Let me start with the importance of the legal effect of a user agreement, then describe the way how to keep it legally valid, and end with the privacy design requirements.
The major concern for the way how providers design their services is the legal effects they create. When we visit a website or application with some functionality or contact forms, we enter into a contract with the platform controller.
The agreement sets the obligations on how to behave properly on the platform, to not conduct illegal activities, such as piracy, use of malware or hate speech. The platform provider covers its legal risks and tries to exempt itself from any responsibility connected to the possible damages to the end-user.

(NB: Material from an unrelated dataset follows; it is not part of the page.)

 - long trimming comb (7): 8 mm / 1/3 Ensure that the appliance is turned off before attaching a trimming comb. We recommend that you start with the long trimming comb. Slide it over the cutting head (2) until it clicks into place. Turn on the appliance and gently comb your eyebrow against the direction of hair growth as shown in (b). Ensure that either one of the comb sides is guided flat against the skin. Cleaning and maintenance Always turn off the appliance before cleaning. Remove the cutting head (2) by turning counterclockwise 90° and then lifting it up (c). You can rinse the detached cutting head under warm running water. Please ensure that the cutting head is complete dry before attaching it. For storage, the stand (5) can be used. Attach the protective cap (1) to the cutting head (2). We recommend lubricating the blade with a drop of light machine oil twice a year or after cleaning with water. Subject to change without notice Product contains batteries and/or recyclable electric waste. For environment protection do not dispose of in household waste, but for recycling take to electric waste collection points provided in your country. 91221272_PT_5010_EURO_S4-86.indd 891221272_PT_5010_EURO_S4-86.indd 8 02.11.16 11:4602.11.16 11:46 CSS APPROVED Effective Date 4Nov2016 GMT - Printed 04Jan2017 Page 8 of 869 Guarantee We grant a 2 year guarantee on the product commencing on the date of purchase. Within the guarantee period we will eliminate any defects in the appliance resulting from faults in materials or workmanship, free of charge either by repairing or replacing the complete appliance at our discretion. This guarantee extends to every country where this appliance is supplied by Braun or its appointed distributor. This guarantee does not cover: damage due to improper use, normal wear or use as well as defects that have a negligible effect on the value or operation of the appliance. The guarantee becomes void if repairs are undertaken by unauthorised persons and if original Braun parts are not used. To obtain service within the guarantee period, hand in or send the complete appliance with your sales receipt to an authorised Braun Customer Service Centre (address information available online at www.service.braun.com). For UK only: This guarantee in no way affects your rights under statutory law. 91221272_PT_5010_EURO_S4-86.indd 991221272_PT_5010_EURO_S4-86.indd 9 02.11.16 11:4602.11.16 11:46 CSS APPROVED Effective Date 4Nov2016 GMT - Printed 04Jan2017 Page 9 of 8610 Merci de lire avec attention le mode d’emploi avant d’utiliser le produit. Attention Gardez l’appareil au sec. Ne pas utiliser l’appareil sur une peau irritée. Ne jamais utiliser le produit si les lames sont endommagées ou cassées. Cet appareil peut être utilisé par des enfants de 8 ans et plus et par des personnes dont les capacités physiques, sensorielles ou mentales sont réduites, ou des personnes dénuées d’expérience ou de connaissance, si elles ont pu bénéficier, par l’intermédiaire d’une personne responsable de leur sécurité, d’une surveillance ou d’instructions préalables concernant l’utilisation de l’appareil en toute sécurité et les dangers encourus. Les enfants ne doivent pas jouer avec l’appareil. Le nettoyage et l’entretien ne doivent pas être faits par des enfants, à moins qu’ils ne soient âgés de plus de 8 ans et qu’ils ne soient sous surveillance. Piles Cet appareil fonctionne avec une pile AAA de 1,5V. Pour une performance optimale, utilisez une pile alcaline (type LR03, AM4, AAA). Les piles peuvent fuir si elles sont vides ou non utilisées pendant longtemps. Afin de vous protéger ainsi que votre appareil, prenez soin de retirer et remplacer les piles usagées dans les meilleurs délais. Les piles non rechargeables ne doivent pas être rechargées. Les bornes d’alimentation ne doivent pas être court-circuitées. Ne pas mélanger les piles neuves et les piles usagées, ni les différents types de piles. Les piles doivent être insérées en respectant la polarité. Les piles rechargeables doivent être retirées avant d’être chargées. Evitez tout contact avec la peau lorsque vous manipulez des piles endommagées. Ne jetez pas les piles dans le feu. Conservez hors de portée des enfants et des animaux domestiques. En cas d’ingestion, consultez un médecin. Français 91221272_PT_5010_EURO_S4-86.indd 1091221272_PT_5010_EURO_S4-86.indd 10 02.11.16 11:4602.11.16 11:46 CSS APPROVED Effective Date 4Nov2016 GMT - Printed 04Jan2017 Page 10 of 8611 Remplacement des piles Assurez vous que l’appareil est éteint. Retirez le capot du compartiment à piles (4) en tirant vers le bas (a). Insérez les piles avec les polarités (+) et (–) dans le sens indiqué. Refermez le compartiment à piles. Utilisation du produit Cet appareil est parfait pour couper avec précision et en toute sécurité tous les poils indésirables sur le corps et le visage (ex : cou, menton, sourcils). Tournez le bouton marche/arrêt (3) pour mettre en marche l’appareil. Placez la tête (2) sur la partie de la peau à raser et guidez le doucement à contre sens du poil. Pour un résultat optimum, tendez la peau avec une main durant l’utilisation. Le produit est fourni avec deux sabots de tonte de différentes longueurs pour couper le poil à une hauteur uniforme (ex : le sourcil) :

Also, policies and notices inform on the use of information about us online - how the provider collects data, what the purposes and what our rights regarding this are.
However, ambiguous or unclear policies and design can create a problem for the provider. If the UI/UX and documents were designed poorly, its legal effects can vanish into thin air - no $40,000 check at the end of the day.
Keep It Transparent
The task of keeping user agreement and notices legally enforceable turned out to be challenging. The main legal concerns that UI/UX is dealing with are:
- how a service provider informs us about the services or features. This part deals with the transparency of online platforms and the fairness of its features. Are we aware of acceptable conduct on a platform? Do we know our rights? (Some people do not believe they have rights on websites at all)
- how we conclude an agreement with a services provider and give our consent to its activities. This part deals with checkboxes, location of the section 'Legal' on a website, and verification of the user. The agreement is closely linked to the first concern (information), which serves a core prerequisite for any consent or contract.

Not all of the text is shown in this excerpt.